▸ **What the task asks**: Copy only the lines from the one with "Fabricado com materiais" through the end of the records, exactly as they stand. No pictures belong in the copy.

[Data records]
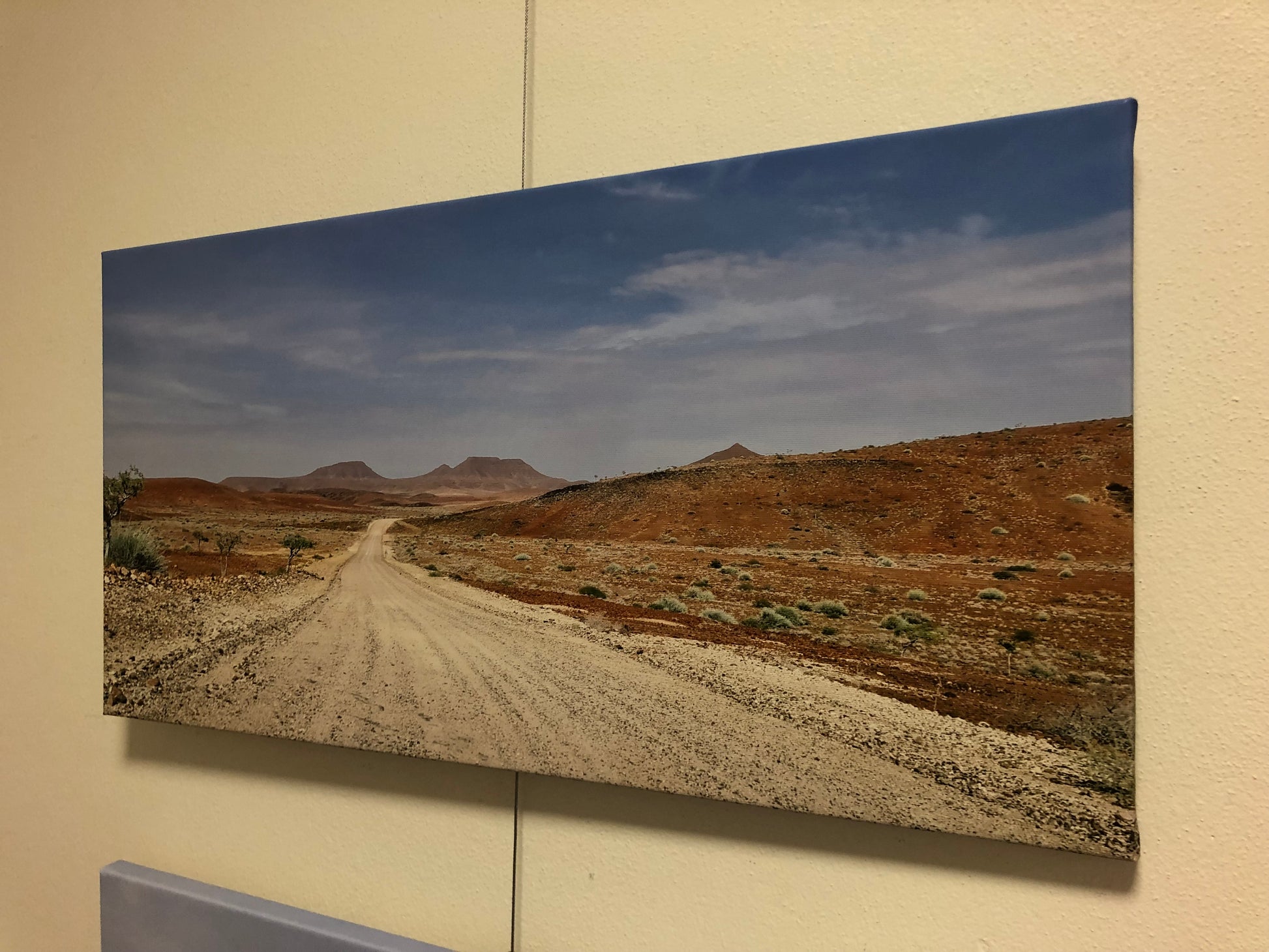 Diese Schotterpiste führt durch das Damaraland in Namibia. Es ist eine der wenigen Landstraßen im "Reservat" der Damara. Den im Süden Afrikas lebenden Ureinwohner wurde das Damaraland als Reservat nach dem Ende der Apartheid angeboten. Fährt man quer hindurch und besucht Orte wie Twyffelfontein, so sind alle Straßen wie diese. Wenn es geregnet hat, dann sind zahlreiche kleine Bäche oder auch größere Flüsse teilweise tagelang unüberquerbar. Brücken gibt es nicht. Das Damaraland liegt im Norden Namibias, zwischen der Etosha Pfanne und der Skelettküste.
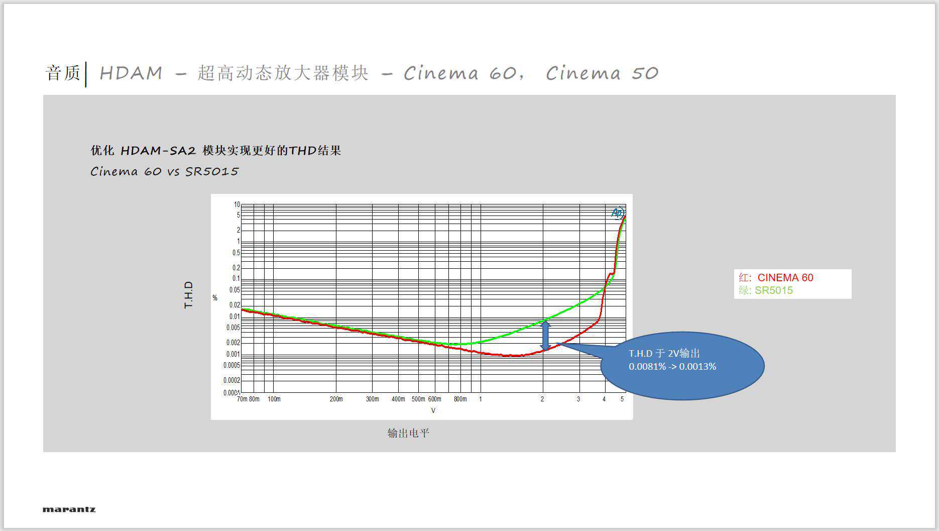 Cinema系列和相对于SR系列的核心区别还在放大电路上的改进,也就是马兰士核心HDAM放大模块的进化。
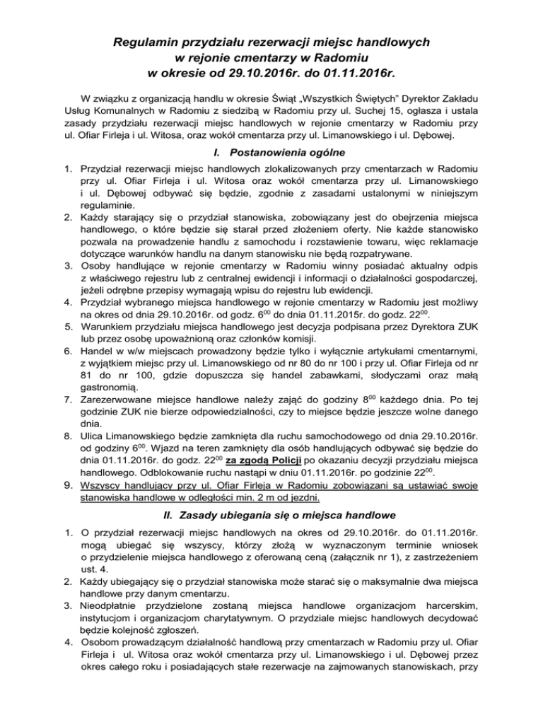 Regulamin przydziału rezerwacji miejsc handlowych w rejonie cmentarzy w Radomiu w okresie od 29.10.2016r. do 01.11.2016r. W związku z organizacją handlu w okresie Świąt „Wszystkich Świętych” Dyrektor Zakładu Usług Komunalnych w Radomiu z siedzibą w Radomiu przy ul. Suchej 15, ogłasza i ustala zasady przydziału rezerwacji miejsc handlowych w rejonie cmentarzy w Radomiu przy ul. Ofiar Firleja i ul. Witosa, oraz wokół cmentarza przy ul. Limanowskiego i ul. Dębowej. I. Postanowienia ogólne 1. Przydział rezerwacji miejsc handlowych zlokalizowanych przy cmentarzach w Radomiu przy ul. Ofiar Firleja i ul. Witosa oraz wokół cmentarza przy ul. Limanowskiego i ul. Dębowej odbywać się będzie, zgodnie z zasadami ustalonymi w niniejszym regulaminie. 2. Każdy starający się o przydział stanowiska, zobowiązany jest do obejrzenia miejsca handlowego, o które będzie się starał przed złożeniem oferty. Nie każde stanowisko pozwala na prowadzenie handlu z samochodu i rozstawienie towaru, więc reklamacje dotyczące warunków handlu na danym stanowisku nie będą rozpatrywane. 3. Osoby handlujące w rejonie cmentarzy w Radomiu winny posiadać aktualny odpis z właściwego rejestru lub z centralnej ewidencji i informacji o działalności gospodarczej, jeżeli odrębne przepisy wymagają wpisu do rejestru lub ewidencji. 4. Przydział wybranego miejsca handlowego w rejonie cmentarzy w Radomiu jest możliwy na okres od dnia 29.10.2016r. od godz. 600 do dnia 01.11.2015r. do godz. 2200. 5. Warunkiem przydziału miejsca handlowego jest decyzja podpisana przez Dyrektora ZUK lub przez osobę upoważnioną oraz członków komisji. 6. Handel w w/w miejscach prowadzony będzie tylko i wyłącznie artykułami cmentarnymi, z wyjątkiem miejsc przy ul. Limanowskiego od nr 80 do nr 100 i przy ul. Ofiar Firleja od nr 81 do nr 100, gdzie dopuszcza się handel zabawkami, słodyczami oraz małą gastronomią. 7. Zarezerwowane miejsce handlowe należy zająć do godziny 800 każdego dnia. Po tej godzinie ZUK nie bierze odpowiedzialności, czy to miejsce będzie jeszcze wolne danego dnia. 8. Ulica Limanowskiego będzie zamknięta dla ruchu samochodowego od dnia 29.10.2016r. od godziny 600. Wjazd na teren zamknięty dla osób handlujących odbywać się będzie do dnia 01.11.2016r. do godz. 2200 za zgodą Policji po okazaniu decyzji przydziału miejsca handlowego. Odblokowanie ruchu nastąpi w dniu 01.11.2016r. po godzinie 2200. 9. Wszyscy handlujący przy ul. Ofiar Firleja w Radomiu zobowiązani są ustawiać swoje stanowiska handlowe w odległości min. 2 m od jezdni. II. Zasady ubiegania się o miejsca handlowe 1. O przydział rezerwacji miejsc handlowych na okres od 29.10.2016r. do 01.11.2016r. mogą ubiegać się wszyscy, którzy złożą w wyznaczonym terminie wniosek o przydzielenie miejsca handlowego z oferowaną ceną (załącznik nr 1), z zastrzeżeniem ust. 4. 2. Każdy ubiegający się o przydział stanowiska może starać się o maksymalnie dwa miejsca handlowe przy danym cmentarzu. 3. Nieodpłatnie przydzielone zostaną miejsca handlowe organizacjom harcerskim, instytucjom i organizacjom charytatywnym. O przydziale miejsc handlowych decydować będzie kolejność zgłoszeń. 4. Osobom prowadzącym działalność handlową przy cmentarzach w Radomiu przy ul. Ofiar Firleja i ul. Witosa oraz wokół cmentarza przy ul. Limanowskiego i ul. Dębowej przez okres całego roku i posiadających stałe rezerwacje na zajmowanych stanowiskach, przy czym warunkiem takiego przydziału miejsc jest uiszczanie opłaty rezerwacyjnej za zajmowane stanowisko oraz osobom, które uiszczały opłaty rezerwacyjne co najmniej od dnia 1 czerwca b.r. przyznane zostaną decyzje. 5. Istnieje możliwość zamiany miejsca handlowego przez osoby, które posiadają stałą rezerwację (dotyczy wyłącznie ul. Limanowskiego) z wyjątkiem miejsc usytuowanych przy wejściach na cmentarze. 6. Osoby nie posiadające decyzji przyznania miejsca handlowego przy cmentarzu będą zobowiązane wykupić na miejscu takie zezwolenie od uprawnionych pracowników ZUK. W przypadku niewykupienia decyzji zostaną oni usunięci z zajmowanego stanowiska i ukarani mandatem przez odpowiednie służby miejskie. III. Sposób przydziału miejsc handlowych 1. Miejsca handlowe przydzielane będą w formie konkursu ofert. 2. Cena wywoławcza za jedno miejsce handlowe w rejonie cmentarzy w Radomiu przy ul. Ofiar Firleja i ul. Witosa, oraz wokół cmentarza przy ul. Limanowskiego i ul. Dębowej wynosi odpowiednio: a. 300,- zł brutto w przypadku handlu asortymentem cmentarnym (znicze, wiązanki, kwiaty), b. 100,- zł brutto w przypadku handlu obwarzankami, watą cukrową, balonami oraz drobnym handlem gastronomicznym. 3. Każda osoba/firma ubiegająca się o przydział rezerwacji miejsca handlowego składa w siedzibie ZUK zamkniętą kopertę z napisem: „IMIĘ I NAZWISKO/FIRMA” oraz „WNIOSEK O PRZYDZIELENIE MIEJSCA HANDLOWEGO” zawierającą ofertę cenową za rezerwację miejsca handlowego w rejonie cmentarzy. 4. Oferty zostaną otwarte przez komisję, której skład ustala Dyrektor Zakładu Usług Komunalnych w Radomiu odrębnym zarządzeniem. 5. Z ofert, które wpłyną do ZUK, komisja tworzy listę osób/firm. Lista układana jest w kolejności zaproponowanych przez osoby/firmy cen (od najwyższej do najniższej). Lista osób/firm zostaje przedstawiona do wiadomości na stronie internetowej http://www.bip.zuk.radom.pl/Inne/Ogłoszenia/3. Święto „Wszystkich Świętych” oraz poprzez wywieszenie na tablicy ogłoszeń w siedzibie ZUK. 6. Osoba/firma, która zaproponowała wyższą cenę za miejsce otrzymuje pierwszeństwo przy wyborze stanowiska handlowego. 7. W przypadku ofert zawierających identyczne, oferowane ceny za miejsce handlowe, o kolejności wyboru miejsca decyduje losowanie w obecności zainteresowanych i komisji. 8. Liczba miejsc handlowych przy ul. Ofiar Firleja jest ograniczona. W związku z czym nie każdej osobie u
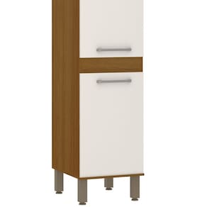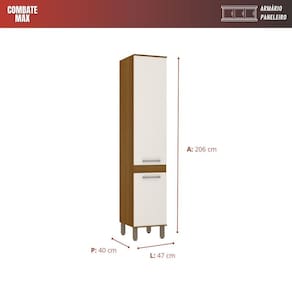 Fabricado com materiais de alta qualidade, como MDP de 15 mm e acabamento FF -Finish Foil-, o paneleiro garante resistencia, durabilidade e facil manutencao. Suas portas embutidas e prateleiras internas proporcionam praticidade e um visual planejado, ideal para cozinhas organizadas e elegantes.
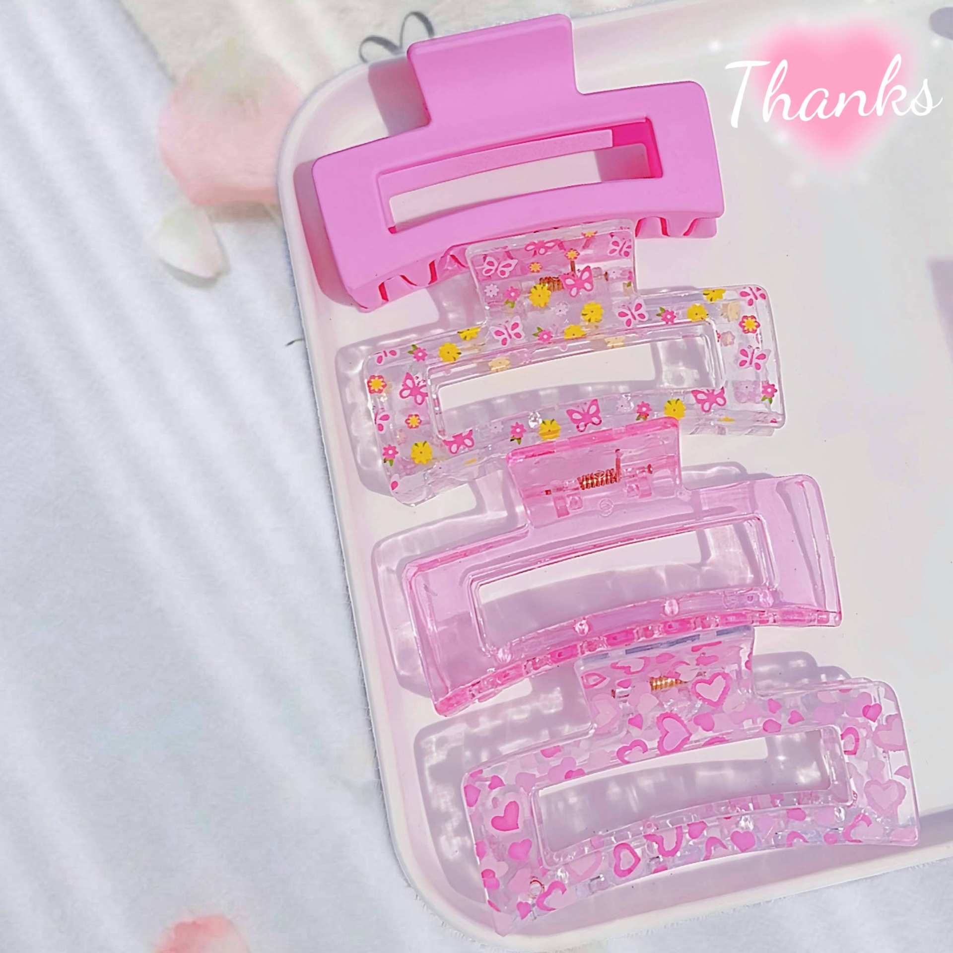 跨境4PCS情人节爱心印花抓夹夏季热转印蝴蝶甜美发饰希音热卖方块

▸ **Response to the task**:
 Fabricado com materiais de alta qualidade, como MDP de 15 mm e acabamento FF -Finish Foil-, o paneleiro garante resistencia, durabilidade e facil manutencao. Suas portas embutidas e prateleiras internas proporcionam praticidade e um visual planejado, ideal para cozinhas organizadas e elegantes.
 跨境4PCS情人节爱心印花抓夹夏季热转印蝴蝶甜美发饰希音热卖方块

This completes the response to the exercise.